===== Source material
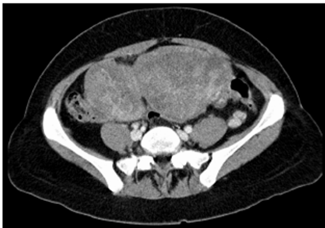
Figure 1 CT scan showing two very large ovarian tumors in the lower abdomen.

A 41-year-old woman presented to our surgical outpatient clinic with hypermenorrhea, followed by amenorrhea and discomfort in the upper abdomen with nausea and emesis. Gastroscopy and histology revealed a poorly differentiated primary gastric mucus-producing adenocarcinoma with numerous signet-ring cells in the distal corpus and the antrum. CT scan showed extensive tumor in the lower abdomen, which appeared to be an ovarian tumor or, as a differential diagnosis, a Krukenberg tumor (Figure 1). Endoscopic ultrasound of the tumor resulted in a uT3, N+ stage. Elevated tumor markers like CA 19-9 (817.7 U/ml, normal range: 0.0–37.0 U/ml), CA 72-4 (92.4 U/ml, normal range: <4.0 U/ml) and CA 125 (151.4 U/ml, normal range: <30.2 U/ml) were also present. Virilization was absent at the time of the initial diagnosis. Surgery was not
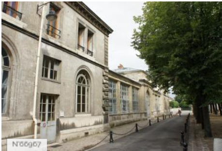
Alfort Veterinary School - Exteriors
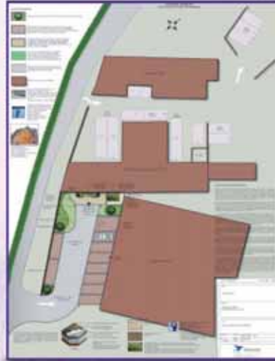
'Parkwood External Refurbishments'

During the first months of 2009 the landscape architectural team have won and completed a variety of design commissions including the refurbishment of the externals to a crematorium in Weymouth, Cherwell Spiceball Leisure Centres landscape management plan on behalf of Kier-Moss Ltd and Barratt Homes Sales Arena hard and soft landscape design in Bodmin. All of which have been well received by the respective Client. Business development has been a key focus for us this quarter. Marketing strategies have been reviewed, existing working relationships cemented, new and existing markets and services explored such as Landfill, Waste and Planning
==========
How many of the lines above contain the string "Figure"? Give the number only.

Answer space: 2